# 12. Runge-Kutta (RK4) numerical solution for Differential Equations

In the last section, Euler's Method gave us one possible approach for solving differential equations numerically.

The problem with Euler's Method is that you have to use a small interval size to get a reasonably accurate result. That is, it's not very efficient.

The **Runge-Kutta Method** produces a better result in fewer steps.

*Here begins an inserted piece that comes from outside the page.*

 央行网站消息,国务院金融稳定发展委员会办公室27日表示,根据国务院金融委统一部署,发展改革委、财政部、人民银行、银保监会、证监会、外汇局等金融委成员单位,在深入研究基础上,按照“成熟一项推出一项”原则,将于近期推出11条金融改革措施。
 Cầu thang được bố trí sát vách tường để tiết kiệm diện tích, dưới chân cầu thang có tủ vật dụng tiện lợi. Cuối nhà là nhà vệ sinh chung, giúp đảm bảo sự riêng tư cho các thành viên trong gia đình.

## Runge-Kutta Method Order 4 Formula

### Applications of RK4

#### Mechanics

- Springs and dampeners on cars (This spring applet uses RK4.)

#### Biology

- Predator-prey models
- Fisheries collapses
- Drug delivery
- Epidemic prediction

#### Physics

- Climate change models
- Ozone protection

#### Aviation

- On-board computers
- Aerodynamics

`y(x+h)` `=y(x)+` `1/6(F_1+2F_2+2F_3+F_4)`

where

`F_1=hf(x,y)`

`F_2=hf(x+h/2,y+F_1/2)`

`F_3=hf(x+h/2,y+F_2/2)`

`F_4=hf(x+h,y+F_3)`

### Where does this formula come from?

Here's a brief background to the formula.

Formula derivation

We learned earlier that Taylor's Series gives us a reasonably good approximation to a function, especially if we are near enough to some known starting point, and we take enough terms.

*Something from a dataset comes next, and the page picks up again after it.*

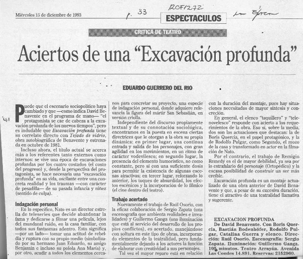 Aciertos de una "Excavación profunda" [artículo] Eduardo Guerrero del Río.
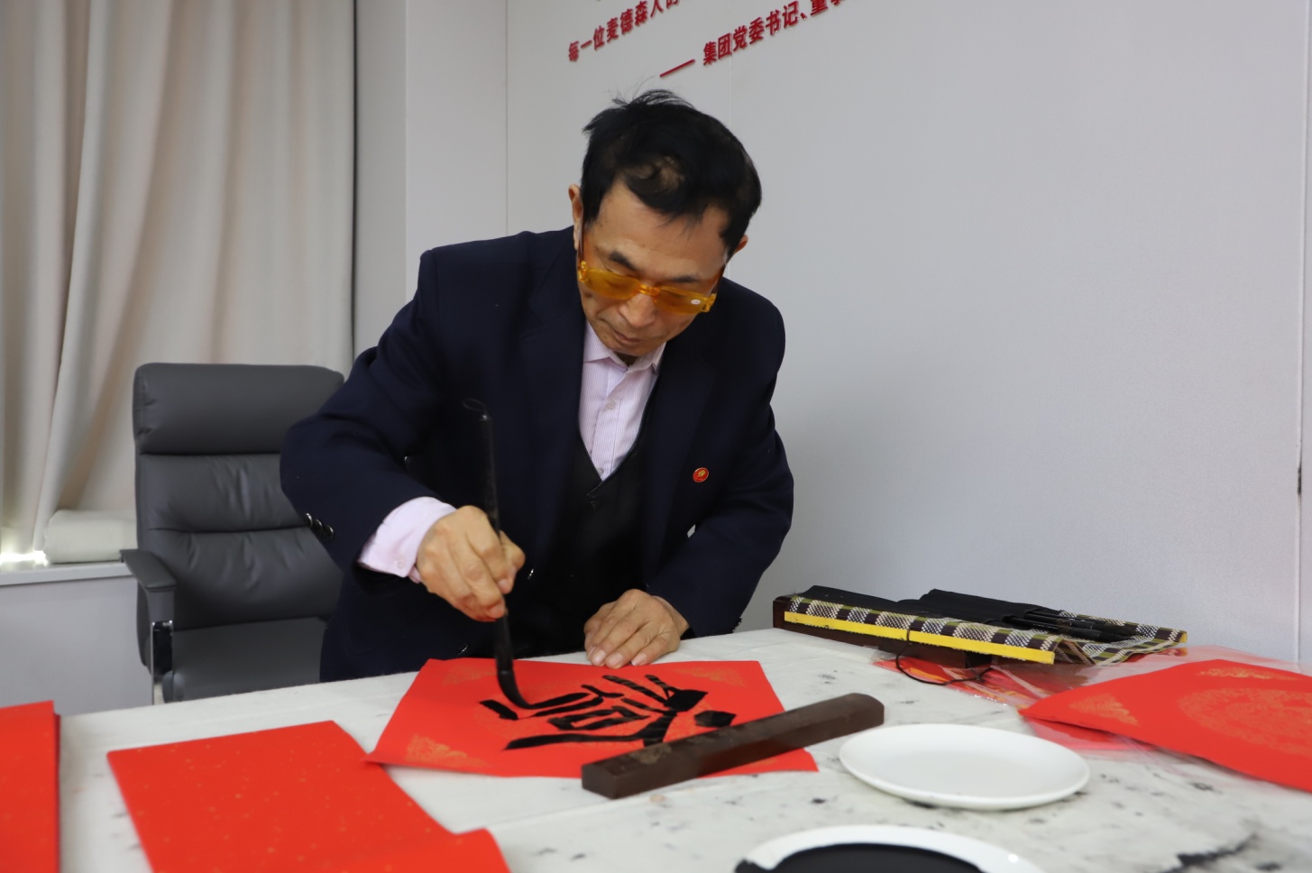 正值二十四节气之首“立春”,活动现场洋溢着万物复苏的春意与年味。在新春茶话会环节,市残文联书法家协会主席姚乐光、理事薛建忠及市中区肢协代表王恩立现场挥毫泼墨,创作春联与“福”字,立春剪“春”字的传统民俗展示,将浓浓的节日祝福融入笔端。

However, one of the drawbacks with Taylor's method is that you need to differentiate your function once for each new term you want to calculate. This can be troublesome for complicated functions, and doesn't work well in computerised modelling.

Carl Runge (pronounced "roonga") and Wilhelm Kutta (pronounced "koota") aimed to provide a method of approximating a function without having to differentiate the original equation.

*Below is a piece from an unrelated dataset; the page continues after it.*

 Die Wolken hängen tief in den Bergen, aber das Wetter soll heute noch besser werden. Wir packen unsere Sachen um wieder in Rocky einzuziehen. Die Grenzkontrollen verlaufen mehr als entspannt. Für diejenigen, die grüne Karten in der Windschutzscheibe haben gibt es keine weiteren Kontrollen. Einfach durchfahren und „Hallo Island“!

Their approach was to simulate as many steps of the Taylor's Series method but using evaluation of the original function only.

## Runge-Kutta Method of Order 2

We begin with two function evaluations of the form:

`F_1=hf(x,y)`

`F_2=hf(x+alpha h,y+beta F_1)`

The `alpha` and `beta` are unknown quantities. The idea was to take a linear combination of the `F_1` and `F_2` terms to obtain an approximation for the `y` value at `x = x_0+h`, and to find appropriate values of `alpha` and `beta`.

By comparing the values obtains using Taylor's Series method and the above terms (I will spare you the details here), they obtained the following, which is **Runge-Kutta Method of Order 2**:

`y(x+h)=y(x)+1/2(F_1+F_2)`

where

`F_1=hf(x,y)`

`F_2=hf(x+h,y+F_1)`

## Runge-Kutta Method of Order 3

As usual in this work, the more terms we take, the better the solution. In practice, the Order 2 solution is rarely used because it is not very accurate.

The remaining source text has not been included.